We present the diagnostic and clinical course of the first multicenter case series of pediatric patients with autoimmune encephalitis associated with N-type voltage gated calcium channel antibodies.

Autoimmune encephalitis may present across a broad phenotypic spectrum that includes seizures, abnormal movements, autonomic dysfunction, memory deficits, hallucinations, and other behavioral alterations.  A growing litany of antibodies have been associated with autoimmune encephalitis. Fortunately, autoimmune encephalitis is often treatable with immunotherapy, including corticosteroids, intravenous immunoglobulin (IVIG), plasmapheresis, and immunomodulatory therapies.  Antibodies against N-type VGCCs have been previously associated with autoimmune encephalitis in several adults and in one child. 

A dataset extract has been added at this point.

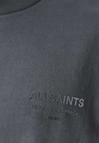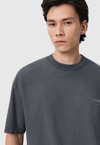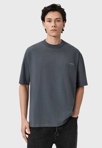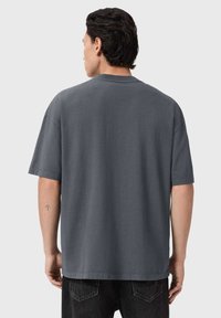 Junger Mann mit dunklen Haaren trägt ein übergroßes dunkelgraues T-Shirt mit dezentem Text auf der Brust und schwarze Jeans, steht vor einfachem Hintergrund.

Data from two university hospital were retrospectively reviewed and records of three patients with autoimmune associated with N-type voltage gated calcium channel antibodies were evaluated.

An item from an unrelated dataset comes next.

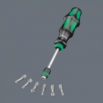 Компактные инструменты Wera подходят одновременно для завинчивания как в ручном, так и машинном режимах. Система "Одна ручка - много насадок" компактной конструкции с рабочими концами разных профилей, размещенная в компактном футляре, делает работу мобильной и гибкой. Подходит для битов с шестигранным хвостовиком 1/4" по стандарту DIN ISO 1173-C 6,3 и E 6,3 (ISO 1173) и с типами хвостовика Wera 1 и 4. С переходником, выдвижным стержнем, патроном Rapidaptor. Многокомпонентная ручка Kraftform с защитой от перекатывания, для особенно эргономичного завинчивания. Встроенный магазин для хранения битов. Данный набор заменяет набор из шести отверток и снижает до минимума необходимый комплект. Утапливаемый в ручке выдвижной стержень с быстрозажимным патроном позволяет легко обращаться с инструментом даже в тесном пространстве, если стержень не выдвинут. Рабочий стержень легко выдвигается простым нажатием на стопорное кольцо. После этого ручку-держатель можно использовать как полноценную отвёртку. Выдвижной стержень можно извлечь и использовать в качестве адаптера с машинным приводом или вернуть в исходное положение. В практичной поясной сумке.

The three pediatric patients (all female) had symptoms that spanned the clinical spectrum.  All three, however, had regression of expressive language and agitation.  Neuroimaging in all three patients was normal; EEG findings varied among the three patients.  Positive titers against the N-type voltage gated calcium channel antibody were found in their cerebrospinal fluid.  Following administration of IVIG, all three had improvement in their core presenting symptoms.

Autoimmune encephalitis associated with N-type voltage gated calcium channel antibodies in the pediatric population presents with a wide clinical spectrum, although expressive language delay and agitation seem to be common symptoms.  Anti-N-type VGCC antibody encephalitis is responsive to treatment with IVIG and, as such, should be treated promptly upon diagnosis in order to attenuate the potential risks of long-term neurologic sequelae.